Triyards posts US$6.25m loss for Q2 on Ezra-related allowances

Aerial view of Triyards shipyard in Vietnam.
Aerial view of Triyards shipyard in Vietnam.PHOTO: TRIYARDS

SINGAPORE - Triyards Holdings posted on Friday (April 7) a net loss of US$6.3 million (S$8.8 million) for the second quarter ended Feb 28, 2017, against earnings of US$5.3 million for the year-ago quarter.

This was largely due to approximately US$8.4 million in allowance Triyards made for doubtful receivables from related/affiliated entities of debt-laden Ezra Holdings which either face a potential going concern issue or have filed for Chapter 11 of the United States Bankruptcy Code.

Revenue for the quarter was maintained at US$70.6 million, but profit from operations fell 38 per cent to US$4.4 million mainly due to a different mix of projects and the competitive market environment, said the company.

Triyards also said on Friday that it has expanded client base with US$32.9 million of contract secured in April.

The contracts include the fabrication of seven tugboats and one 16-metre aluminium crew transfer vessel from an established Vietnamese vessel owner and operator. The vessels are slated for maritime services and will be delivered by Triyards' Saigon Shipyard.

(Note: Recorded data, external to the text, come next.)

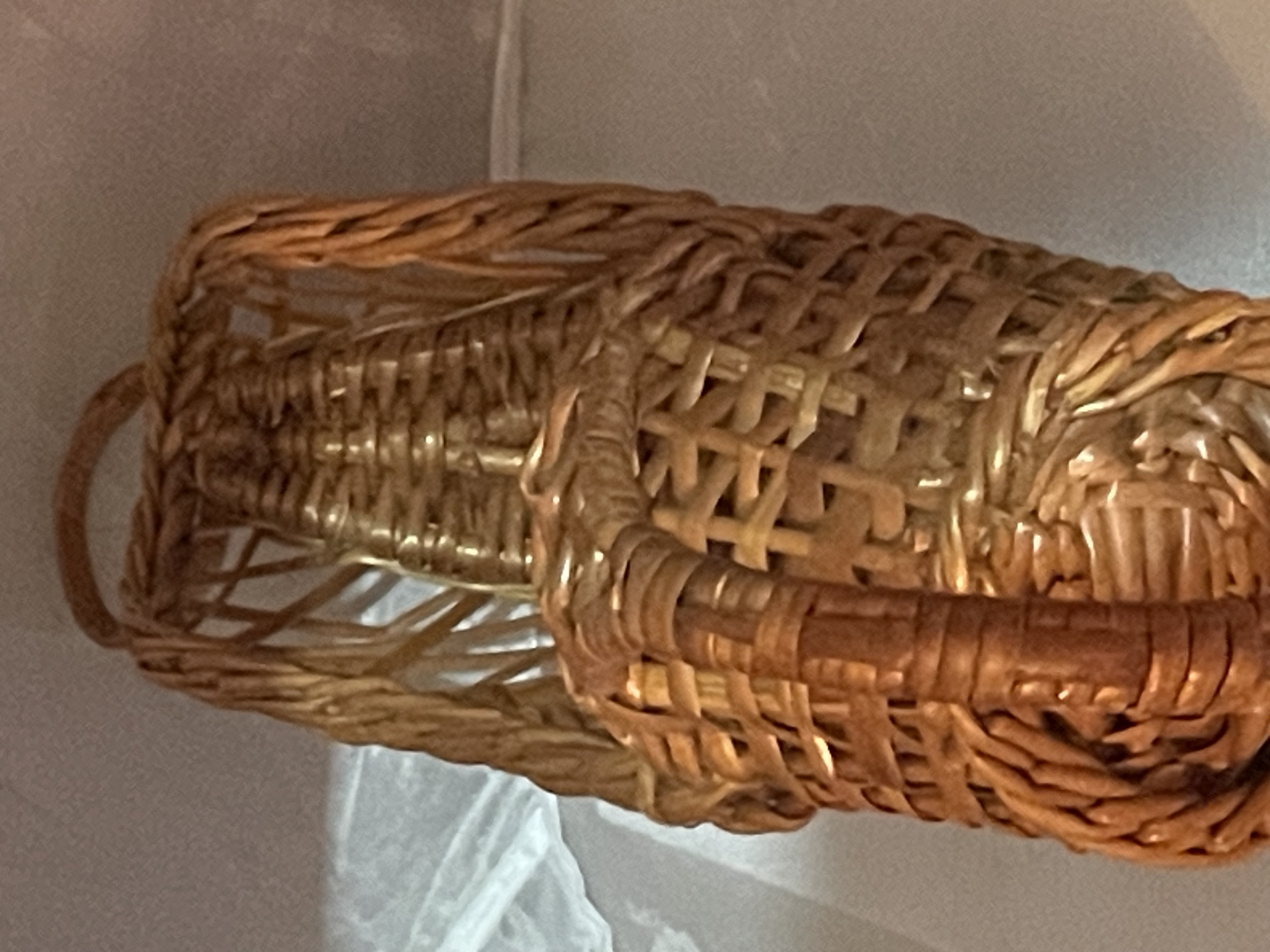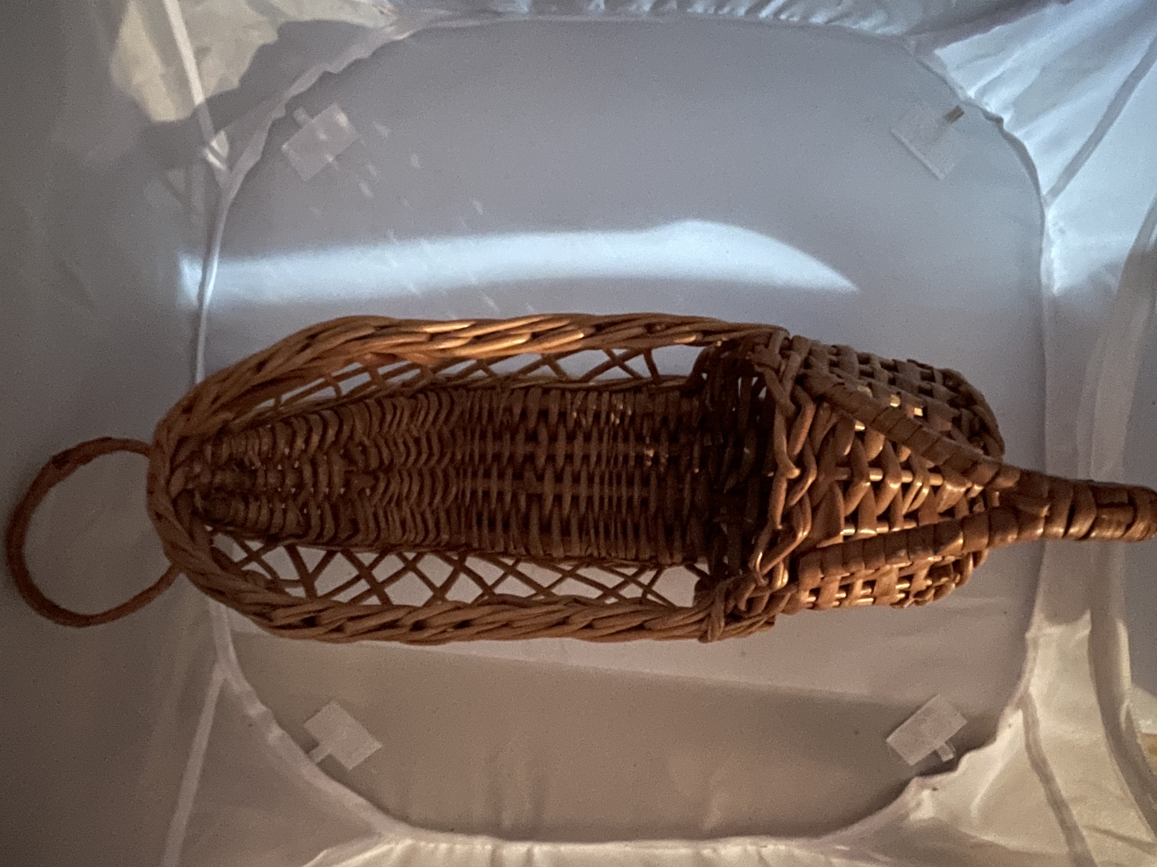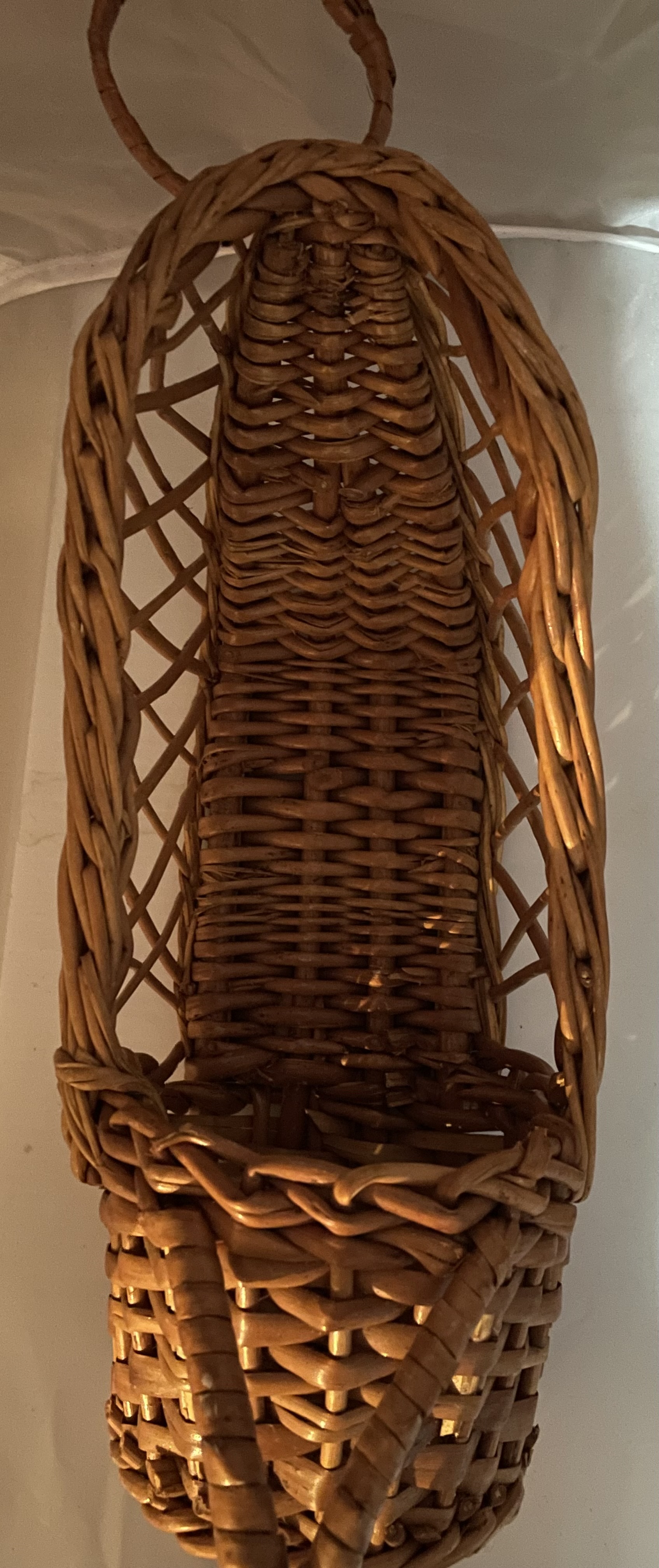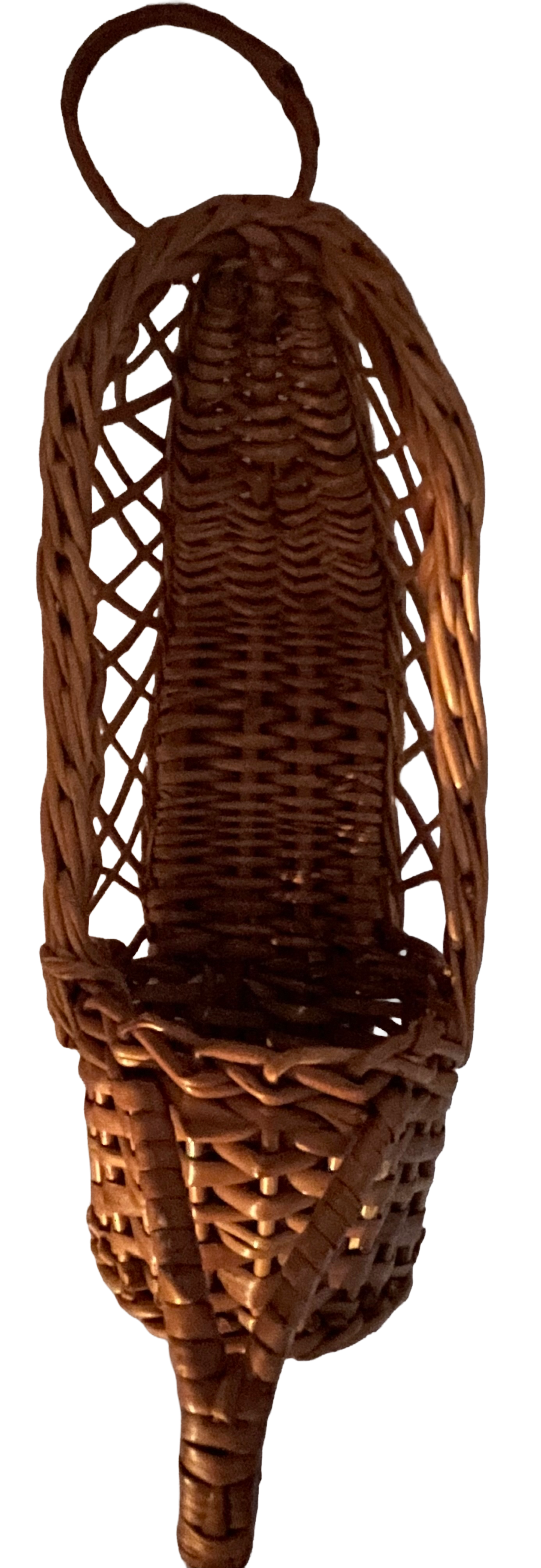 A vintage hand-woven wicker or rattan specialty basket designed to function as a wine or Chianti bottle holder or carrier. The object is constructed from natural woven material, displaying a warm brown tone. The form resembles a deep slipper or boot, featuring a tightly woven, solid central base and open, cross-hatched latticework forming the sides. The structure is reinforced by thick, braided coils forming the rim and frame. A small woven loop is present at the tapered top, and another loop is visible at the toe or base, suggesting it is designed for vertical hanging or display. The style is traditional rustic basketry. No visible text or markings are present.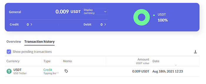 After selecting the type of wallet, platform, and then authorizing the social accounts, tips will reflect in their wallet right away. Tips can be checked on Wallet’s history page.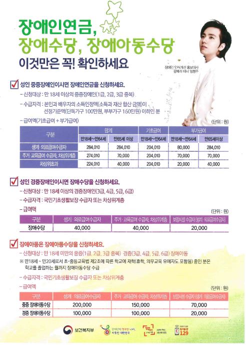 장애수당은 경증장애인들에게 지급되는 급여로 신청대상은 만18세 이상의 경증장애인(3급, 4급, 5급, 6급)이며 수급자격은 국민기초생활보장 수급자 또는 차상위계층이다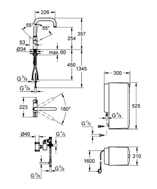 - Система кип'ятіння води GROHE Red подає як киплячу воду, так і гарячу та холодну водопровідну воду. Кипляча та змішана вода тече по двох роздільних трубах у систему GROHE Red і виходить через дві роздільні зони аератора. Накопичувач окропу служить для нагрівання і накопичення питної води в напірних системах. Накопичувач окропу придатний для підключення до водопровідної мережі з максимальним тиском води 0,8 МПа (8 бар). Підключення до гарячої води не передбачено.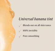 Non-greasy, pore-smoothing sun protection. Universal banana tint creates a brighter appearance and instantly blends out on all skin tones. Enriched with Vitamin E, Chamomile, Aloe Vera, and Pomegranate Extract.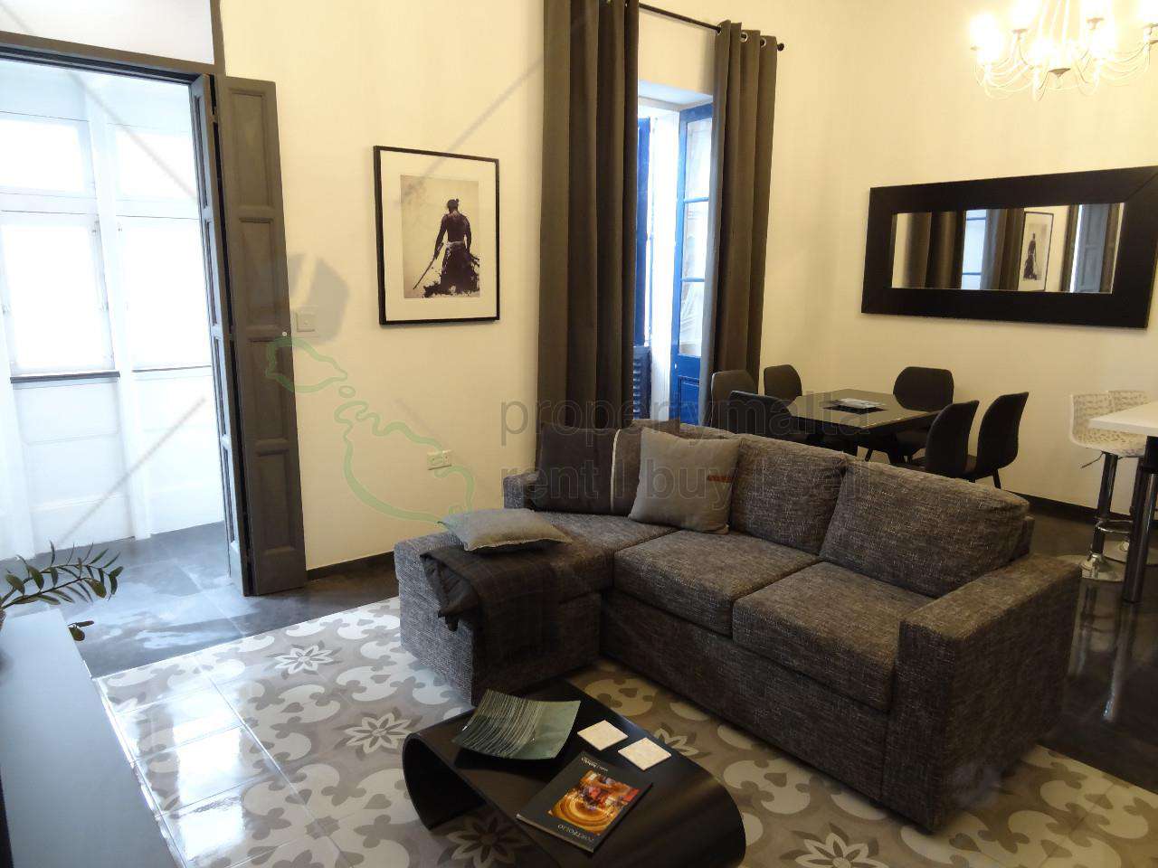 Two-bedroom apartment located in the heart of Sliema, close to all amenities. Layout is in the form of an open-plan kitchen/living/dining area, two double bedrooms main with ensuite facilities and a main bathroom. Property also enjoys two balconies and comes fully equipped, air conditioned and served with lift.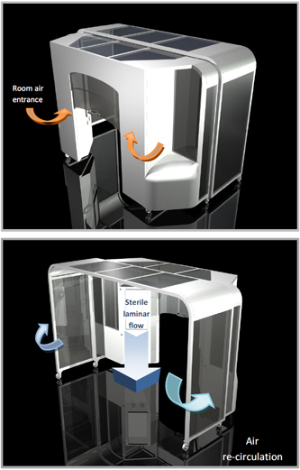 Операционные комнаты нуждаются в специальной системе вентиляции, обеспечивающей ламинарный поток стерильного воздуха. Такой поток обычно создается вентиляционной системой здания, однако, компания IMEX предложила мобильную систему, обеспечивающую стерильные условия практически в любом помещении. Конструкция данной системы состоит из алюминиевой кабинки, где чистота воздуха обеспечивается НЕРА фильтрами и направленным ламинарным потоком. Кабинка передвигается на колесиках и может быть собрана вокруг операционного стола, что позволяет независимым клинкам проводить операции в стерильных условиях, а также позволяет наблюдать за операцией , что полезно, например, при обучении студентов.Подготовил Адамбеков Шалкар по материалам статьи: Arc Sterile Turns Any Room into OR

On the group's latest contract wins, Triyards CEO Chan Eng Yew said: "These contracts deepen the group's portfolio and boost the purpose-built vessel solutions we offer from our yards in Vietnam and Singapore. In addition, it affirms the success of TRiyards' diversification strategy and will contribute the earnings visibility for the group in FY18. We remain committed to strengthening the resilience of our business to tide through these difficult industry conditions."